**EXERCISE REQUIREMENTS**
For this listing, reproduce the line with "- Racire WINDFORCE: Sistem", the line with "SysLog; Meraki Firewall", and the lines between, exactly as they stand. Leave out pictures and all other lines.

___ PROVIDED INFORMATION ___

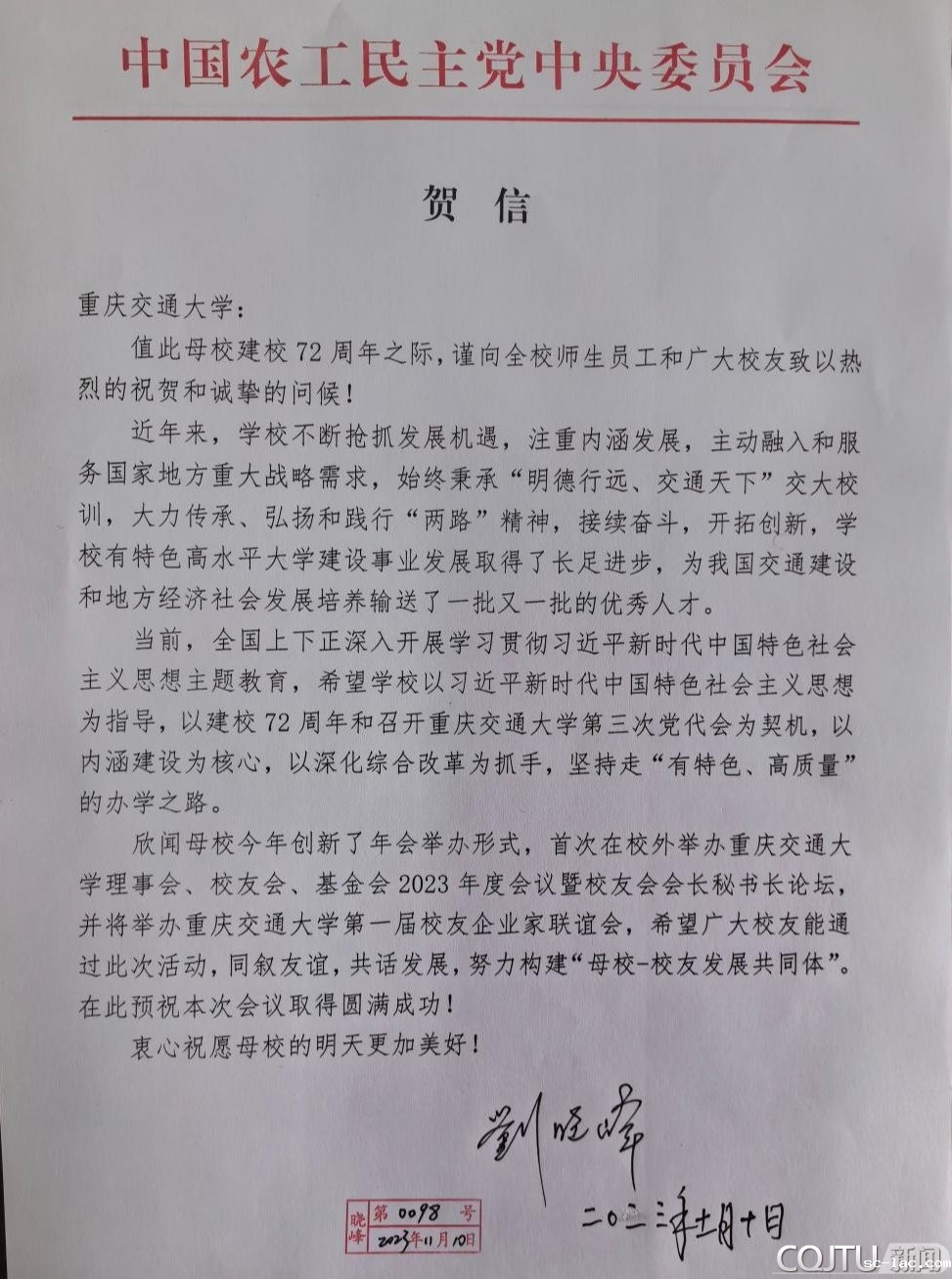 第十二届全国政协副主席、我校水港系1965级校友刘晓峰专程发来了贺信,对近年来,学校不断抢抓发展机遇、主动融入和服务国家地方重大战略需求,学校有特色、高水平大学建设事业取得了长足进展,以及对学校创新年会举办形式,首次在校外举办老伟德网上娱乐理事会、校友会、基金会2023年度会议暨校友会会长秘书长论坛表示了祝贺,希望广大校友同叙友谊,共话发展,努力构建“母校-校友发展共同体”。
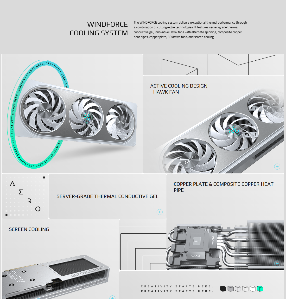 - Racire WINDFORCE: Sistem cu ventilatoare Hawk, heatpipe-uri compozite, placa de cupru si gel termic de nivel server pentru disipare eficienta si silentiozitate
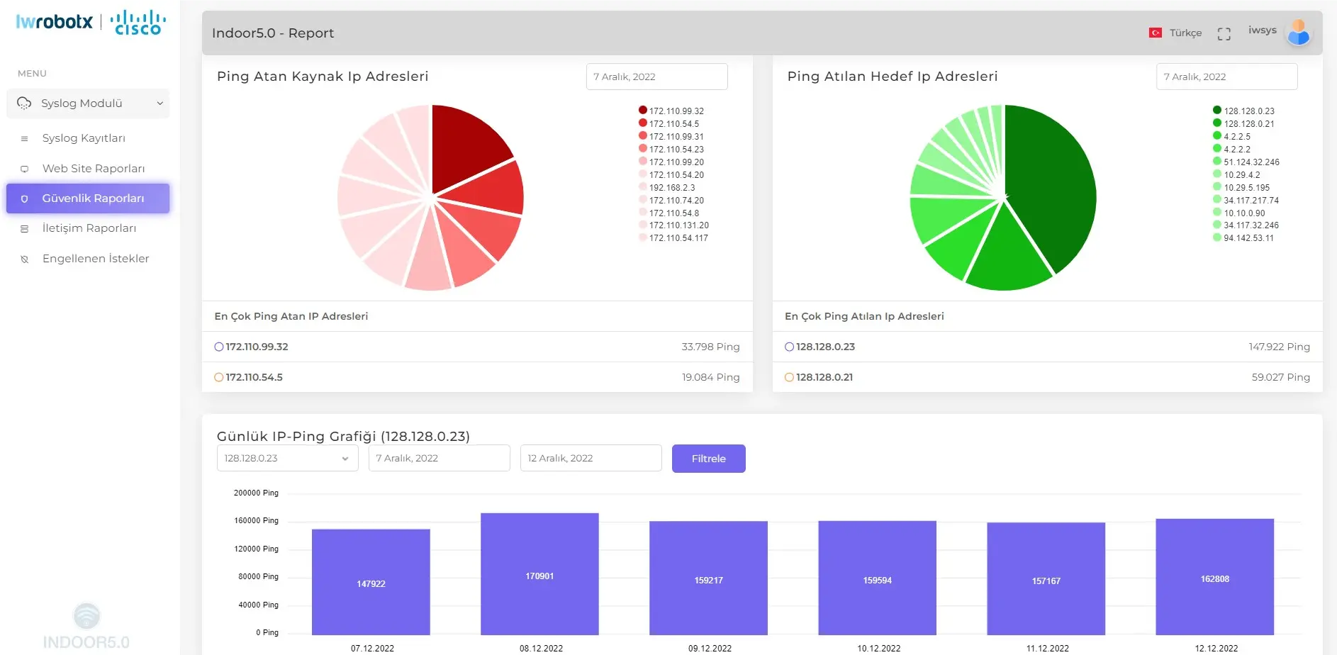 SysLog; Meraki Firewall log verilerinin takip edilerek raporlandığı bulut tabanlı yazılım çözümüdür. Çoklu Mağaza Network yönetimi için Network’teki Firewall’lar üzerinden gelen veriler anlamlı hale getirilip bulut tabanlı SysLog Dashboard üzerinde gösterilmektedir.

___
___ PROVIDED INFORMATION ___

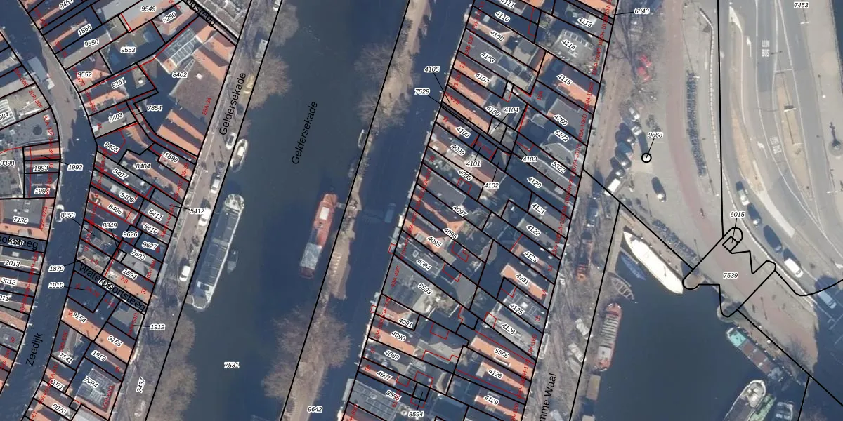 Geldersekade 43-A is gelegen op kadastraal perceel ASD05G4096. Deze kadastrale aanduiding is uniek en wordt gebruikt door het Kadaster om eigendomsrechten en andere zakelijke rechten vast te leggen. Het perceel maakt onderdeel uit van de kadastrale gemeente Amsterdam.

___

**EXERCISE RESPONSE**
 - Racire WINDFORCE: Sistem cu ventilatoare Hawk, heatpipe-uri compozite, placa de cupru si gel termic de nivel server pentru disipare eficienta si silentiozitate
 SysLog; Meraki Firewall log verilerinin takip edilerek raporlandığı bulut tabanlı yazılım çözümüdür. Çoklu Mağaza Network yönetimi için Network’teki Firewall’lar üzerinden gelen veriler anlamlı hale getirilip bulut tabanlı SysLog Dashboard üzerinde gösterilmektedir.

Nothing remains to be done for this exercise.